Разве это -- голос умирающего? Это -- эффектные ферматы на верхних нотах, даже с авторскою ремаркою: "После каждой короткой фразы короткая, но глубокая пауза". Это -- смерть Валентина:
Маргарита!
Проклинаю!
Ты умрешь позорной смертью...
Я умираю, как храбрый солд...
Предсмертные идеи Человека в виде старух кружатся около угасающей жизни, под "мотив музыки, что играли на его балу".
"Напомните ему -- Как богато! Как пышно! -- Ты помнишь, как играла музыка на твоем балу? -- Кружились танцующие, и музыка играла так нежно, так красиво!.. -- Ты помнишь? -- Как богато, как пышно! -- Как светло! -- Ты помнишь? -- Ты сейчас умрешь, а ты помнишь? -- Ты помнишь? -- Ты помнишь? -- Ты сейчас умрешь, а ты помнишь?" И так далее.
Это очень красиво, звучно, музыкально. Пожалуй, даже слишком музыкально, потому что бесконечное и навязчивое "ты помнишь?" уводит мысль вашу к тем обязательным реминиссансам, которыми в последних актах опер умирающая или сумасшедшая героиня характеризует возвращающеюся мелодией первых актов, что "nessum maggior dolore chse ricordorsi del tempo felice nella miseria" {"Нет большего горя, чем воспоминание о счастливом времени нищеты" (ит.).}. Так Маргарита в тюрьме напевает вальс, под звуки которого она встретилась с Фаустом, Манон Леско слышит звуки своей первой песенки, Кармен погибает от ножа Хозе под широкий разлив своей роковой мелодии. Музыкальный аккомпанимент, который понадобился Леониду Андрееву для полноты эффекта, довершает это впечатление оперного лейтмотива.

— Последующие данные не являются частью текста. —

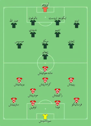 |CitationClass=تم تجاهله (مساعدة) - "Tactical Line-up – Group D – Croatia-Nigeria" (PDF). FIFA.com. Fédération Internationale de Football Association. 16 يونيو 2018. مؤرشف من الأصل (PDF) في 15 سبتمبر 2018. اطلع عليه بتاريخ 16 يونيو 2018. الوسيط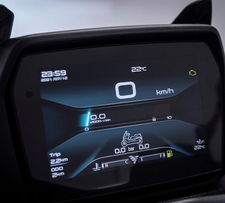 Obrazovka jako v kině Barevnej 7palcovej TFT displej s konektivitou ti naservíruje veškerý potřebný info. A když veškerý, tak veškerý. Na očích budeš mít nejen klasiku typu spotřeba nebo hodiny, ale taky třeba tlak v pneu a echo o příchozích hovorech. |

Когда-то Базаров умолял молодого Кирсанова: "О, друг мой, Аркадий Николаевич, не говори красиво!" Если чрезмерно красивое говорение нарушает правду жизни, то еще более резким диссонансом разногласит оно с правдою смерти. Принята "условная ложь", что все знаменитые люди, умирая, произносят какую-либо красивую фразу, символизирующую их житейский итог. Ну, знаменитое "света, больше света!" умирающего Гёте, что ли. Человек Леонида Андреева необыкновенно щедр -- articulo mortis {На смертном одре (лат.).} -- на слова, подобные металлу звенящему. Мы только что их слышали: оруженосец... меч... щит... Но у Болеслава Пруса есть великолепный сатирический рассказ. Умирает великий польский поэт и -- молчит. Смерть его неизбежна; родня, друзья, редакция примирились с необходимостью потерять великого человека и -- все ждут, что-то он скажет на краю могилы. А он молчит. Наконец -- consummatum est {Свершилось (лат.).} -- умер. Доктора, принесшего в редакцию роковое известие, прежде всего интервьюируют: "Его последние слова?" Врач шепчет что-то на ухо редактору,-- тот отступает с кислою физиономией: "Этого нельзя печатать! В такой момент, и..." В конце концов, соединенными редакционными силами, мастерят романический некролог: "Дух великого поэта отлетел. Его последним словом было: "Передайте мою любовь зеленым полям моей родины", или что-то в этом роде, не помню точно, как у Пруса. Публика очень довольна, утирает умиленные слезы. И только фельдшер, остававшийся при покойном до последнего издыхания, с изумлением бормочет себе под нос: "Ну и врут же эти газетчики. Словно я не слыхал своими ушами, как он проворчал: "Черт бы побрал сосиски в "Золотой утке"... с них-то все и началось!"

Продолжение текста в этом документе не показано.